For my project, I have decided to analyze the most popular colors that are used as baby names. I wanted to know which is the most common color for baby names along with what are the trends and patterns in this certain group of names. I hypothesize that out of the boy names I chose that Gray will be the most popular and out of the girl names I chose that Jade will be the most popular. I also believe that there will have a more recent spike of colors for baby names as more unique and different names have been shown to be more popular of the last several years.

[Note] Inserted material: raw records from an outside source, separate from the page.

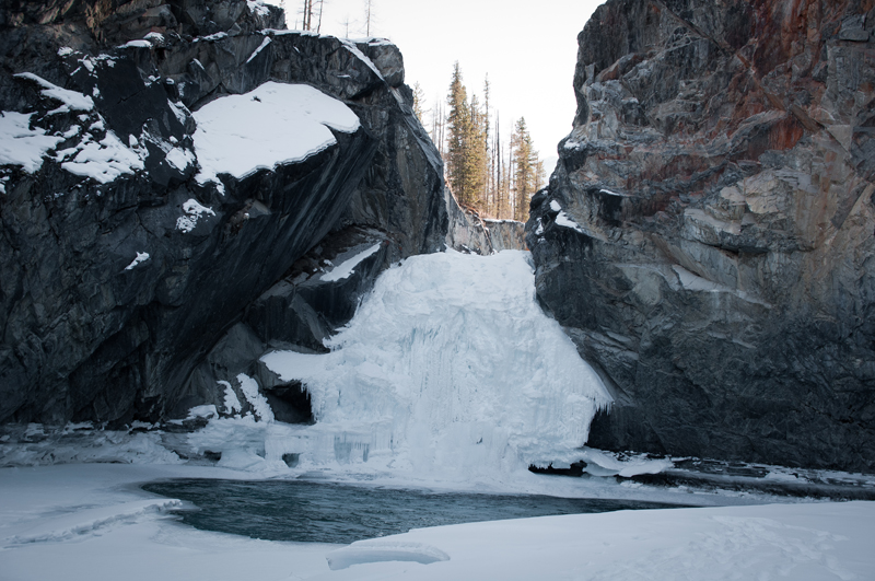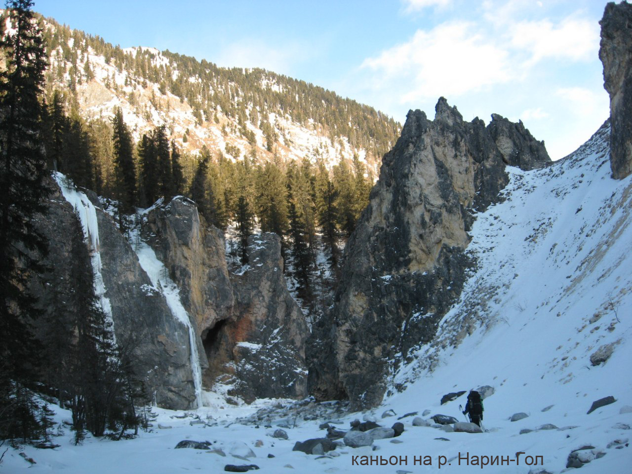 Это день мокрых наледей и красивых каньонов. Хорошее место для стоянки или обеда: N51,57.958,E101,37.475. Мы здесь обедаем. Доходим до слияния с Ара-Ошеем. Через километр вход в каньон. Доходим до незамерзающего водопада.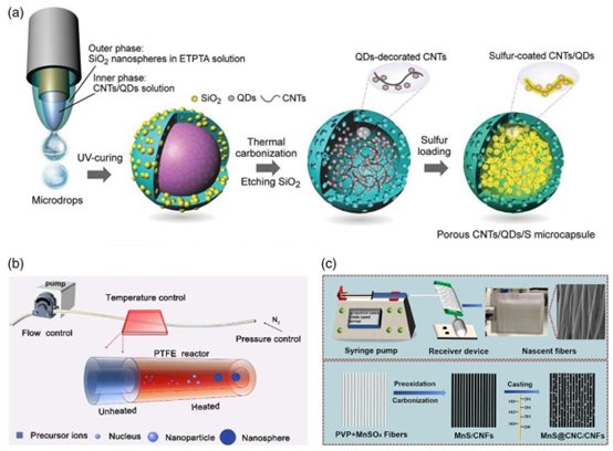 图7. a) 利用同轴液滴微流控技术制备用于锂硫电池正极的多硫化物受限一体化多孔微胶囊。经许可转载。[115] 版权所有2021,Wiley-VCH GmbH。b) 一种用于制备钠离子电池正极材料氟磷酸钒钠的微流控反应器方法,与传统方法相比,该方法所需的制备时间显著缩短。经许可转载。[117] 版权所有2021,爱思唯尔。c) 利用微流控纺丝技术制备嵌入纤维素纳米晶体和MnS纳米颗粒的柔性有序碳纳米纤维膜,作为锂金属电池的中间层。经许可转载。[118] 版权所有2021,爱思唯尔。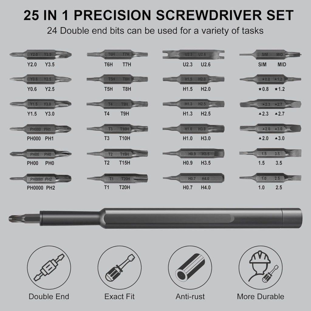 - The 24 Pieces Mini Screwdriver Kit is a compact, versatile toolset designed for precision work and convenient portability.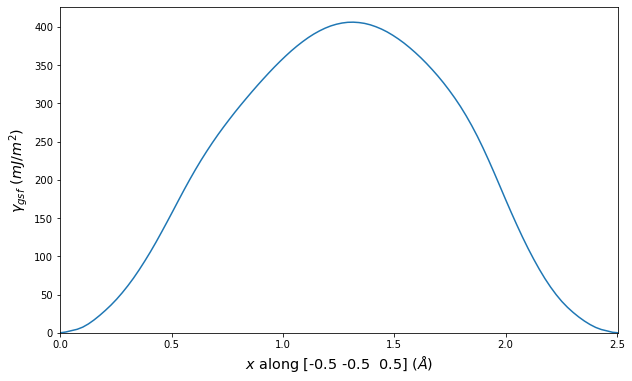 5. The stacking fault energy for a given shift is computed by comparing the energy of the system before and after applying the shift, and dividing by the area of the fault plane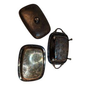 This elegant silver-plated serving dish exudes timeless sophistication, ideal for enhancing dining experiences. The rectangular design with ornate handles and a classic lid adds a touch of vintage charm. Its lasting shine and sturdy construction make it a valuable addition for those who appreciate antique tableware.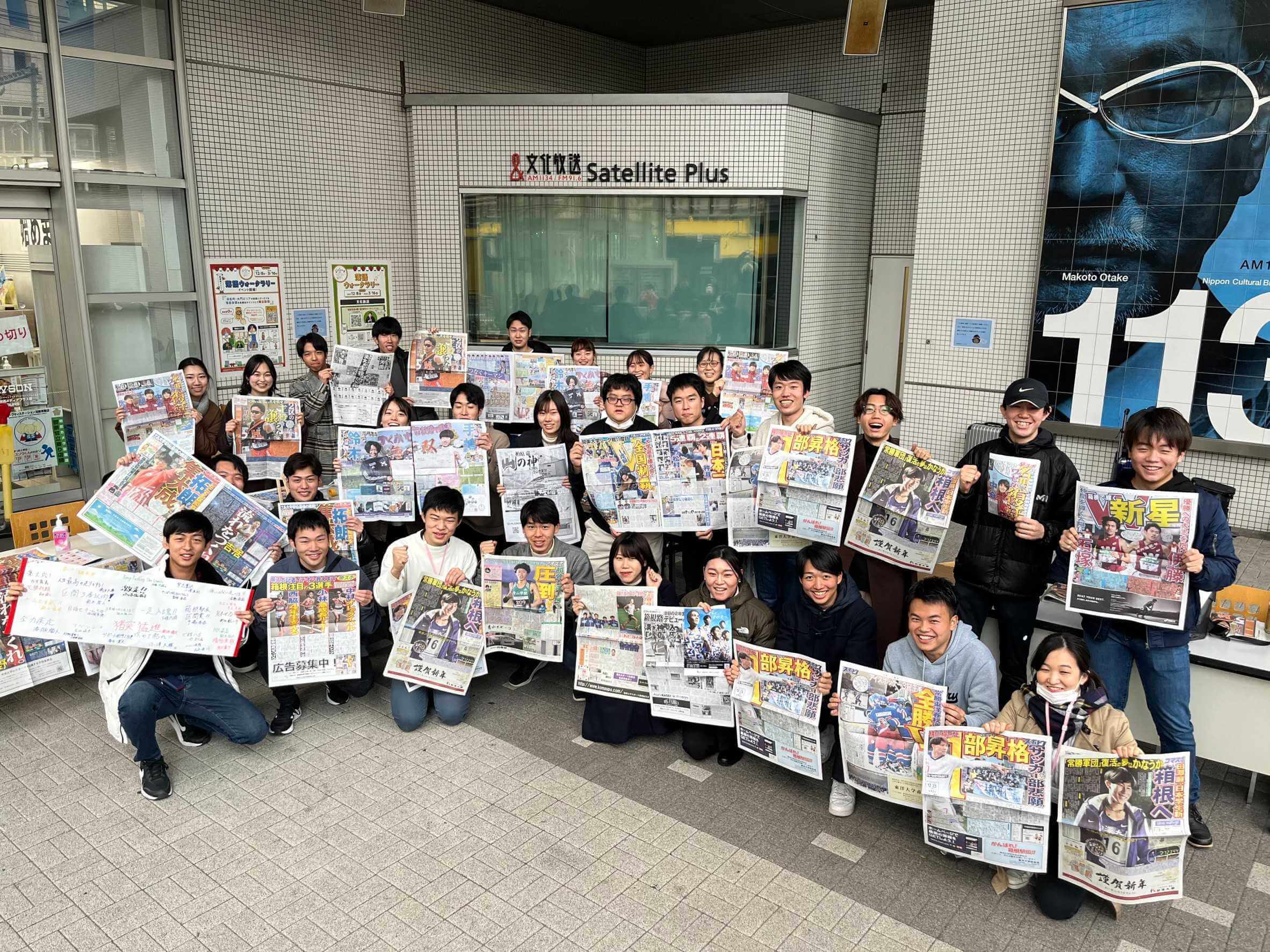 12月25日に9大学が集まり各大学がスポーツ新聞を配布しました
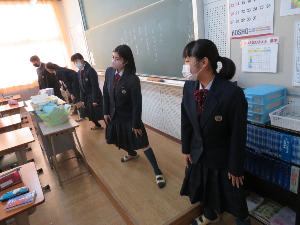 保健体育委員会ではファミリーマッチに向けた準備体操の練習をしていました。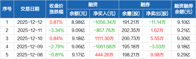 方大炭素:融资净偿还1056.34万元,融资余额8.98亿元(12-12)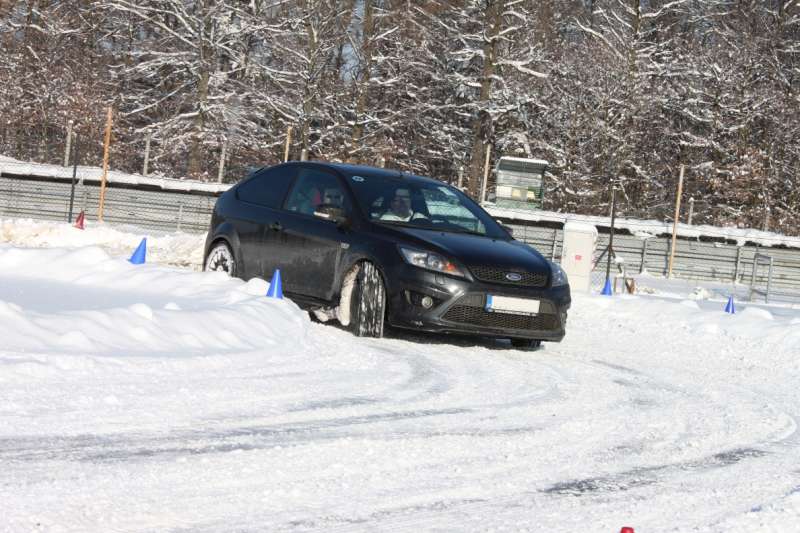 Celkově byly 3 rychlostní úseky (čtvrtý kvůli velkému množství sněhu nebyl) a každý se jel 2x. Jeden slalom u paddocku, jeden větší slalom na rozlehlém parkovišti a pak osmička. Všechno bylo super, na začátku tam byl sníh a klouzalo to míň, časem se to prodřelo na led a klouzalo to hodně.
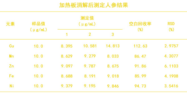 實驗陶瓷加熱板消解后測定人參結果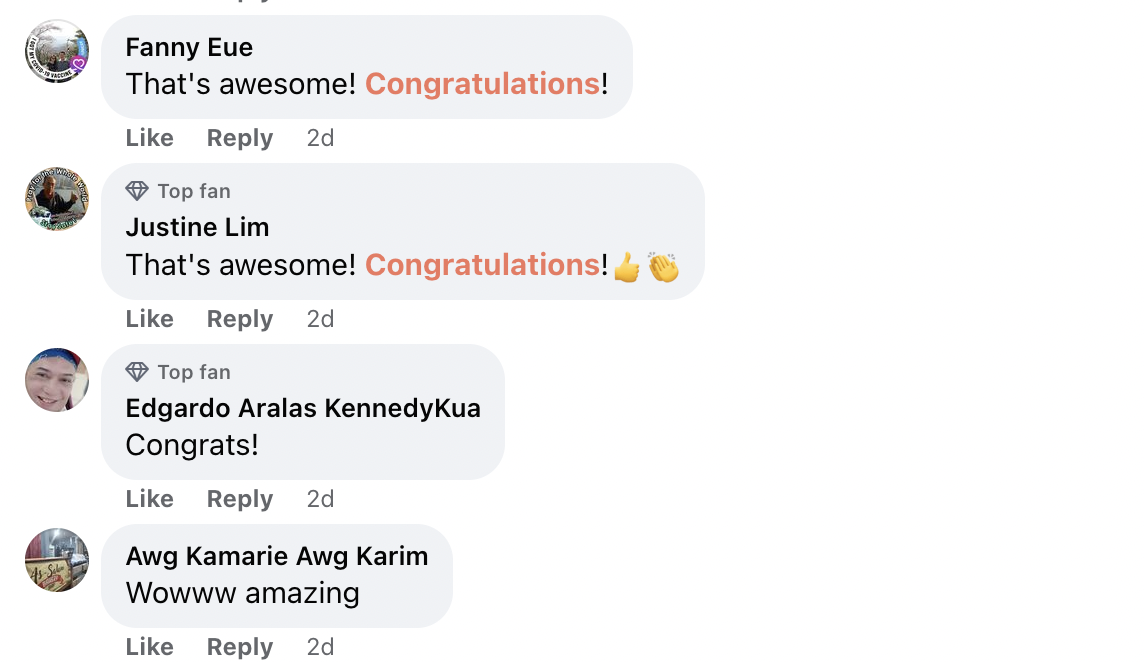 Dalam pada itu, tinjauan mendapati rata-rata netizen turut mengucapkan tahniah di atas kejayaannya itu.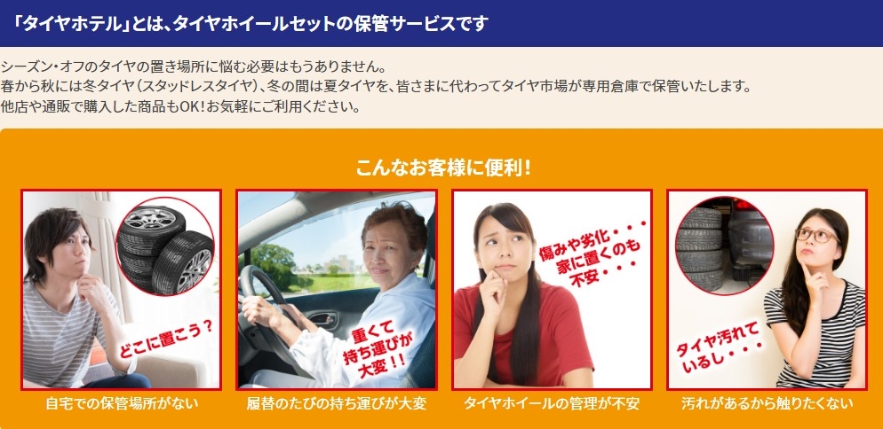 タイヤとホイールセットの預かりサービス。「タイヤホテル」おすすめサービスです!!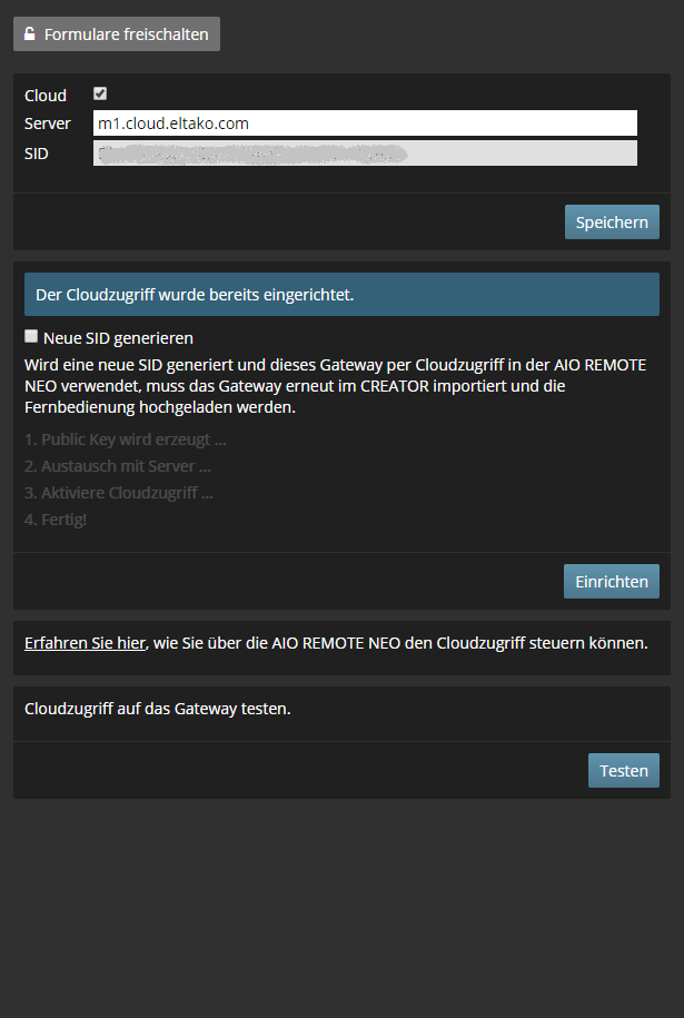 Klicken Sie im Anschluss auf EINRICHTEN. Der Zugriff auf die Cloud wird nun eingerichtet und aktiviert. Abschließend kann der Zugriff noch mit einem Klick auf TESTEN getestet werden.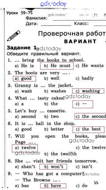 На страницах сайта gdz.today вы найдете учебный и вспомогательный материал, направленный на улучшения знаний школьной программы. ГДЗ - онлайн мир знаний Страницы (решение) 55 Проверочным работам по Английскому языку для 3 класса Барашкова Экзамен УМК 2016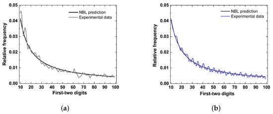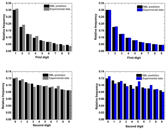 It is worth highlighting that second digit analysis is often performed in the NBL applications. For example, Diekmann documented that articles published in the American Journal of Sociology are well described by taking the second digit [32]. Thus, the probabilities for the appearance of a second digit are given by the expression: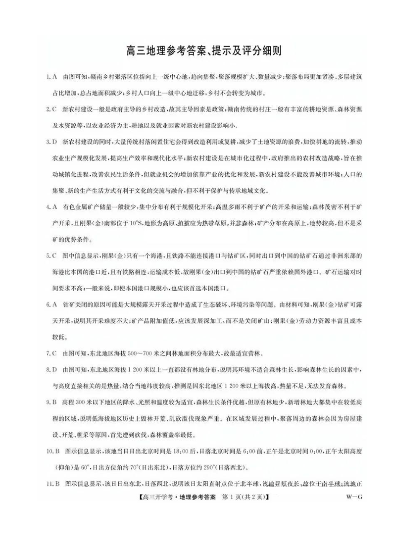 江西省九师联盟2025年高三年级上学期9月联考 地理答案
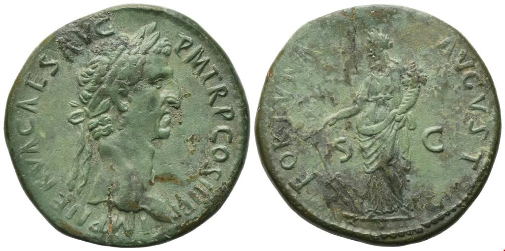 IMP NERVA CAES AVG P M TR P COS III P P Laureate head r.; Rv. FORTVNA AVGVST / S – C Fortuna standing l. holding rudder and cornucopia. RIC 83; Cohen 67. Wonderful green patina; untouched. A charming specimen, bearing a bold portrait of Nerva. Extremely fine / about extremely fine.

First, I’ll install the necessary packages
library(tidyverse)
── Attaching core tidyverse packages ──────────────────────── tidyverse 2.0.0 ──
✔ dplyr 1.1.4 ✔ readr 2.1.5
✔ forcats 1.0.0 ✔ stringr 1.5.1
✔ ggplot2 3.4.4 ✔ tibble 3.2.1
✔ lubridate 1.9.3 ✔ tidyr 1.3.1
✔ purrr 1.0.2
── Conflicts ────────────────────────────────────────── tidyverse_conflicts() ──
✖ dplyr::filter() masks stats::filter()
✖ dplyr::lag() masks stats::lag()
ℹ Use the conflicted package (<http://conflicted.r-lib.org/>) to force all conflicts to become errors
library(babynames)
Observation 1
Analyzing trends of colors used as baby names for males
`geom_smooth()` using method = 'gam' and formula = 'y ~ s(x, bs = "cs")'
There was a much more obvious increase in the color names for females in the past few decades. There was also a large population of color female names in early 1900s and now this trend is increasing again.
Summary of Observation 1 & 2
Throughout these two graphs of male and baby names, I found that I was correct about there being a recent spike in baby names around the year 2000. I was incorrect about the female baby name Jade being the most popular and the most popular name recently is Violet. The most popular name in the past was Ruby. For male names the color trend has been more consistant but has also had more of an increase in the past few decades. The most popular boy name has most recently been Jade but in the past it was Clay
Observation 3
To get a different perspective on the trends in these baby names I changed the graphs to be based off of the proportion rather than n. This will show trends based off the percentage of popularity and not the count of each name.
Male names
babynames |>filter(name %in%c("Gray", "Jett", "Rory","Steel","Sterling", "Slate", "Rusty", "Jade","Auburn", "Clay")) |>filter(sex =="M") |>mutate(percent = (prop *100)) |>ggplot(aes(year,percent, color = name)) +geom_line() +ggtitle('Popularity of colors for male baby names') +xlab('Year') +ylab('Percentage')
babynames |>filter(name %in%c("Gray", "Jett", "Rory","Steel","Sterling", "Slate", "Rusty", "Jade","Auburn", "Clay")) |>filter(sex =="M") |>ggplot(aes(reorder(name, n), n, fill = name)) +geom_col() +coord_flip()
The most common color used for male names is the name Clay. I ordered and flipped this bar chart to be in order from the most popular to least popular name.
Observation 5
There was one name that was both a male and female name and that was the name Jade. I am going to look at the different of trends for the male and female name Jade.
babynames |>filter(name %in%c("Jade")) |>ggplot(aes(year,n, color = name)) +geom_line() +facet_wrap(~sex)
I found that the name Jade is incredibly more common for females then males. It seems as if these names used to be more similar however there was a large and rapid increase for the female usage of this name. I will now analyze the earlier years of this name, before the increase, to see how they compared.
In this graph it is evident that the name Jade used to be more similar in in population throughout each gender.
Conclusion
These visualizations support my hypothesis that there has been an increase in the past few decades of colors used for baby names. I was incorrect about which color name for male and female was the most common. One interesting piece of information I found throughout these visualizations was the large usage of colors for baby names around the early 1900s. With the early 1900s and early 2000s both having an increase in the usage of colors for baby names, this could be correlated to the popular 100 year baby name theory. This theory states that there is a 100 year cycle of baby names. This means that baby names that were popular 100 years ago would become popular again. The visualizations of trends and patterns in this project support this theory. In conclusion, there#has been an increase in the use of colors for baby names in the past few decades and a possible reason for this could be the 100 year baby name theory.